Nirvana at the Consulting Company

There is a case to be made about the relationship between accelerative capitalism and its eager embrace of Eastern mysticism’s notion of unlimited human potential. Both discourses use, for one thing, the lexicon of liberation – sex, good, superego, bad. And there is no way to stop the cosmic forces of either human consciousness or capital because apparently that is where the intelligent evolution of all existence is taking us. The controversial love-guru, Shree Rajneesh (aka Osho), once grunted that criticisms of his wealth, which included the world’s largest collection of Rolls-Royces, reeked of communist inclinations. Speaking at Woodstock, Swami Satchidananda urged American youth to aid the world spiritually now that they were leading it economically. Some of the greatest publicity for these globalised yogis were their celebrity devotees; Maharishi Mahesh, the founder of Transcendental Meditation, had the Beatles; Steve Jobs – whose Apple logo was, by one account, inspired by his reverence for the Hindu guru Neem Karoli Baba – had reportedly only one book on his iPad when he died, Paramahansa Yogananda’s The Autobiography of A Yogi.
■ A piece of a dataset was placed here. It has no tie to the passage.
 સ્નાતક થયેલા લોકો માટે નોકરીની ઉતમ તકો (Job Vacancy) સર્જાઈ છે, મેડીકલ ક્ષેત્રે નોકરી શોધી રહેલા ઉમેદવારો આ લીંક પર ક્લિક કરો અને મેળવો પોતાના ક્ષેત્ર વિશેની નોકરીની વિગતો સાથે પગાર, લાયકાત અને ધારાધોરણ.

That consumerist hagiography and big-label money shake hands is hardly surprising; capitalism in its most aggressive, border-munching form rests with equal parts on the sanctification of personal fulfillment and bringing East and West together. Meet Siddharth Kailash in Bem Le Hunte’s fourth novel, Elephants with Headlights, a mogul-in-the-making heading an outsourcing company in India’s cyber hub, Gurgaon, near New Delhi. Siddharth has more in common with Elon Musk than his holy namesake, but this ‘shrewd futurist’ is near-transcendent in his more pragmatic faculties: ‘someone with demonic insight’ and an ‘angel investor, … a fearless oiler of the wheels for the juggernauts of business pushing their way into his country.’ We first catch his thoughts about bidding for driverless cars at an exhibition in Goa, where American AI promises this ‘Asian century’ to be the next techno-utopia; it was ‘Google who had come out from Silicon Valley to paint a picture of an India catapulted into an unrecognisable new era.’ In this symbol-heavy story, the driverless car has a double referent; taking your hands off the wheel is at once a gesture to lifting economic regulations, and to forsaking the self to the vicissitudes of gross existence, because any tempering with it will only perpetuate one’s samsaric wanderings.
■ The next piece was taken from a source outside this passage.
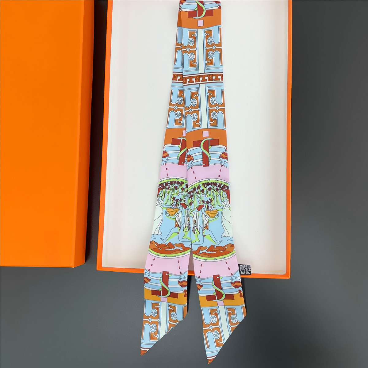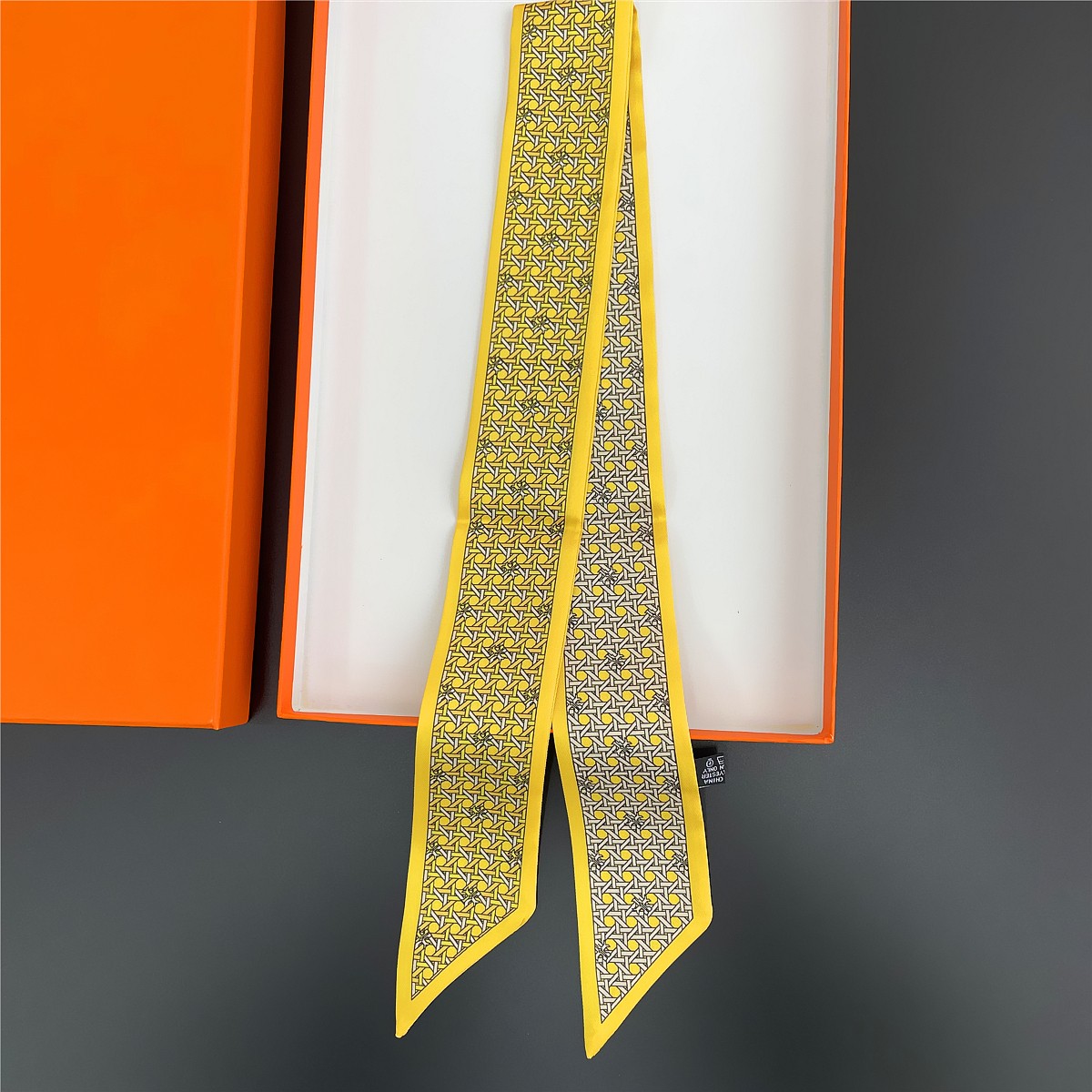 희귀한 보물 H가 2024년에 출시한 양면 실크 스카프, 가방 손잡이 장식용 스트립 리본, 여성용 스카프스토어 가기

Siddharth’s main goal is to leave a business empire behind for his teenage son, Neel, whose prospect of marrying the daughter of a wealthy friend has kept the family en fête for a while. Unlike his father, Neel is a man of little ambition. High on bhang, he sleeps with Mae, a Byron Shire girl on her schoolies, at a beach resort in Goa. Australia – synonymous with sexual awakening in this novel – rises on his horizon. In lukewarm rebellion, he forgoes his parents’ dreams for an Oxbridge education and an Indian bride and settles for a university degree in Sydney. Neel and Mae, soon an engaged couple, return to the family mansion in New Delhi, where drivers, sweepers, chefs, servants, gardeners, and nannies wait on them in preparation for their mega-wedding, or as the omniscient narrator puts it the ‘scared confluence of two rivers: East and West’. The only obstacle is Neel’s mother, the melodramatic Tota, a legal advisor at the Women’s Chamber of Commerce, who takes to her son’s engagement with the double standard of upholding endogamy and an aversion to patriarchal culture.

The reliance on marriage to broker socio-economic advancement is as old as the history of the novel. In its rudimentary form, the dénouement of the ‘wedding novel’ loosens up the existing social structures to accommodate a more integrated bourgeoisie, often achieved by betraying the aspirations of well-heeled parents. Elephants with Headlights sublimates this trope with an esoteric convolution of destinies of its characters, in this world and their current and upcoming reincarnations. Neel’s sister, the lit graduate Savitri, is under pressure to marry, for if she doesn’t, her grandmother, Dadi, will not be able to die, despite her late-stage MS. There is another glitch: Savitri is a Manglik, which means she is under a celestial spell that will bring about her husband’s premature death, unless she is wed to a tree first. That is the prediction of Dadi’s trusted astrologer, Arunji, a ‘mathematician of destiny’ whose life is roped to the Kailash family ‘in a cosmic collusion of the most outrageous proportions’.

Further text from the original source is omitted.